Once you have read the records below, print them again exactly as they stand.

SOURCE DATA: Begin

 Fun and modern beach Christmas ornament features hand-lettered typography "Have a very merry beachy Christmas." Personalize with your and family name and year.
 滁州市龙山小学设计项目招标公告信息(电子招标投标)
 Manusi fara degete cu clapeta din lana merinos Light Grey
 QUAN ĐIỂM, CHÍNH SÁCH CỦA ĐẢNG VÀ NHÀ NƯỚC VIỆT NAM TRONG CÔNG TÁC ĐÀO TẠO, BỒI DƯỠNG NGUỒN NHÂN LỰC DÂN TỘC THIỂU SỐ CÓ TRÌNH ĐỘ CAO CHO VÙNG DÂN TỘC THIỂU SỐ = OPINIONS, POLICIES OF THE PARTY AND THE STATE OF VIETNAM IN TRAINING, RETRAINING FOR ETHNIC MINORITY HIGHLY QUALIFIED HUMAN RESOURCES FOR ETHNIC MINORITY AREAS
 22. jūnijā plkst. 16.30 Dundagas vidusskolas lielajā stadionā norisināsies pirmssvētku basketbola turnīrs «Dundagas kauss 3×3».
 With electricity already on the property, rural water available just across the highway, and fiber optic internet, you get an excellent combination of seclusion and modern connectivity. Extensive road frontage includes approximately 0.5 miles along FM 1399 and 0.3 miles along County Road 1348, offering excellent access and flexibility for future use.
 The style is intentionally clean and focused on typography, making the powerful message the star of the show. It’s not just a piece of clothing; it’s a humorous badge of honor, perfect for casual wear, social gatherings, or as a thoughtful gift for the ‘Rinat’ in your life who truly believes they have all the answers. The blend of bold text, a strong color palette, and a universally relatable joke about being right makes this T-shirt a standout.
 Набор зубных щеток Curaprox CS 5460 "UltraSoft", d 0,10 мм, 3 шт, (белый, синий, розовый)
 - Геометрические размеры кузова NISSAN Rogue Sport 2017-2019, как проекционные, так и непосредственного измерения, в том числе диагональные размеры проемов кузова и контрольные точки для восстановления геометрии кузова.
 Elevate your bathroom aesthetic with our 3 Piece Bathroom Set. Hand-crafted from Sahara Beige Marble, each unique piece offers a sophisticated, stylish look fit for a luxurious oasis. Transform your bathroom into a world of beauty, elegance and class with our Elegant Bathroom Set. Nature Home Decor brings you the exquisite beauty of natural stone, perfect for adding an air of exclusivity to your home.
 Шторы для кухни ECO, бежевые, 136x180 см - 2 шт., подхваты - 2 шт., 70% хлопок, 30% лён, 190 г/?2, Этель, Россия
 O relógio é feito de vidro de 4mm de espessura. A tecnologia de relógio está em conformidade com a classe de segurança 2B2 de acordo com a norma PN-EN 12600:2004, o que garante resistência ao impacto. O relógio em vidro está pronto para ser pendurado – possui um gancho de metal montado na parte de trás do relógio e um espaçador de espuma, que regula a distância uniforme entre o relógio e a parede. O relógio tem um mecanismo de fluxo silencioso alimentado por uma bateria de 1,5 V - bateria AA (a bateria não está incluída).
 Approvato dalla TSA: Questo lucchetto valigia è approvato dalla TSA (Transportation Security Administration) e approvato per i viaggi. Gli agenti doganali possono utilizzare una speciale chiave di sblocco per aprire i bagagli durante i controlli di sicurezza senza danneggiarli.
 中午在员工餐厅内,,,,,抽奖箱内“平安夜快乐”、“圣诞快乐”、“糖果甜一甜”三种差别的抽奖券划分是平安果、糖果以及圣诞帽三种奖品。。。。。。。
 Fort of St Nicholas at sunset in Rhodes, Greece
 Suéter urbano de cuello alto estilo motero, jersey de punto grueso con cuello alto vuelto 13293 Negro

SOURCE DATA: End

RESPONSE TO THE EXERCISE:
 Fun and modern beach Christmas ornament features hand-lettered typography "Have a very merry beachy Christmas." Personalize with your and family name and year.
 滁州市龙山小学设计项目招标公告信息(电子招标投标)
 Manusi fara degete cu clapeta din lana merinos Light Grey
 QUAN ĐIỂM, CHÍNH SÁCH CỦA ĐẢNG VÀ NHÀ NƯỚC VIỆT NAM TRONG CÔNG TÁC ĐÀO TẠO, BỒI DƯỠNG NGUỒN NHÂN LỰC DÂN TỘC THIỂU SỐ CÓ TRÌNH ĐỘ CAO CHO VÙNG DÂN TỘC THIỂU SỐ = OPINIONS, POLICIES OF THE PARTY AND THE STATE OF VIETNAM IN TRAINING, RETRAINING FOR ETHNIC MINORITY HIGHLY QUALIFIED HUMAN RESOURCES FOR ETHNIC MINORITY AREAS
 22. jūnijā plkst. 16.30 Dundagas vidusskolas lielajā stadionā norisināsies pirmssvētku basketbola turnīrs «Dundagas kauss 3×3».
 With electricity already on the property, rural water available just across the highway, and fiber optic internet, you get an excellent combination of seclusion and modern connectivity. Extensive road frontage includes approximately 0.5 miles along FM 1399 and 0.3 miles along County Road 1348, offering excellent access and flexibility for future use.
 The style is intentionally clean and focused on typography, making the powerful message the star of the show. It’s not just a piece of clothing; it’s a humorous badge of honor, perfect for casual wear, social gatherings, or as a thoughtful gift for the ‘Rinat’ in your life who truly believes they have all the answers. The blend of bold text, a strong color palette, and a universally relatable joke about being right makes this T-shirt a standout.
 Набор зубных щеток Curaprox CS 5460 "UltraSoft", d 0,10 мм, 3 шт, (белый, синий, розовый)
 - Геометрические размеры кузова NISSAN Rogue Sport 2017-2019, как проекционные, так и непосредственного измерения, в том числе диагональные размеры проемов кузова и контрольные точки для восстановления геометрии кузова.
 Elevate your bathroom aesthetic with our 3 Piece Bathroom Set. Hand-crafted from Sahara Beige Marble, each unique piece offers a sophisticated, stylish look fit for a luxurious oasis. Transform your bathroom into a world of beauty, elegance and class with our Elegant Bathroom Set. Nature Home Decor brings you the exquisite beauty of natural stone, perfect for adding an air of exclusivity to your home.
 Шторы для кухни ECO, бежевые, 136x180 см - 2 шт., подхваты - 2 шт., 70% хлопок, 30% лён, 190 г/?2, Этель, Россия
 O relógio é feito de vidro de 4mm de espessura. A tecnologia de relógio está em conformidade com a classe de segurança 2B2 de acordo com a norma PN-EN 12600:2004, o que garante resistência ao impacto. O relógio em vidro está pronto para ser pendurado – possui um gancho de metal montado na parte de trás do relógio e um espaçador de espuma, que regula a distância uniforme entre o relógio e a parede. O relógio tem um mecanismo de fluxo silencioso alimentado por uma bateria de 1,5 V - bateria AA (a bateria não está incluída).
 Approvato dalla TSA: Questo lucchetto valigia è approvato dalla TSA (Transportation Security Administration) e approvato per i viaggi. Gli agenti doganali possono utilizzare una speciale chiave di sblocco per aprire i bagagli durante i controlli di sicurezza senza danneggiarli.
 中午在员工餐厅内,,,,,抽奖箱内“平安夜快乐”、“圣诞快乐”、“糖果甜一甜”三种差别的抽奖券划分是平安果、糖果以及圣诞帽三种奖品。。。。。。。
 Fort of St Nicholas at sunset in Rhodes, Greece
 Suéter urbano de cuello alto estilo motero, jersey de punto grueso con cuello alto vuelto 13293 Negro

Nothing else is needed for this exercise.